**Task goal**
Write out again, exactly, the lines below starting at the one with "The Bai E Tan" and ending at the one with "Immanence , meanwhile, draws".

==== Records for this task ====

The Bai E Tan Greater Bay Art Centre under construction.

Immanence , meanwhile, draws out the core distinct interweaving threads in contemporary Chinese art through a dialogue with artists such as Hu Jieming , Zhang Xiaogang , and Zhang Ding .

====
==== Records for this task ====

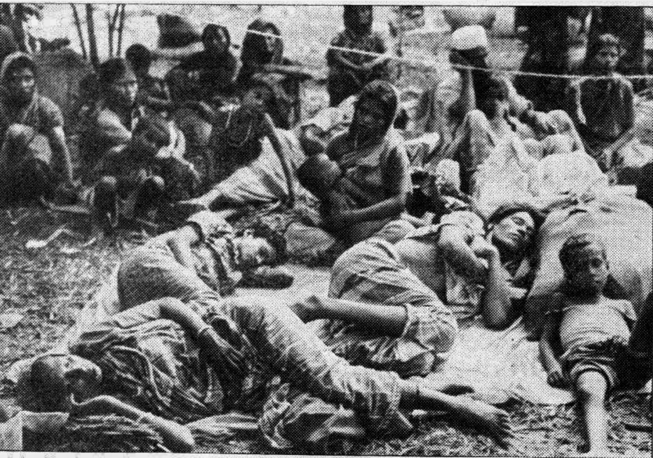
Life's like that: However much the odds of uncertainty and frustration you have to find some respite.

====

**Task answer**
The Bai E Tan Greater Bay Art Centre under construction.

Immanence , meanwhile, draws out the core distinct interweaving threads in contemporary Chinese art through a dialogue with artists such as Hu Jieming , Zhang Xiaogang , and Zhang Ding .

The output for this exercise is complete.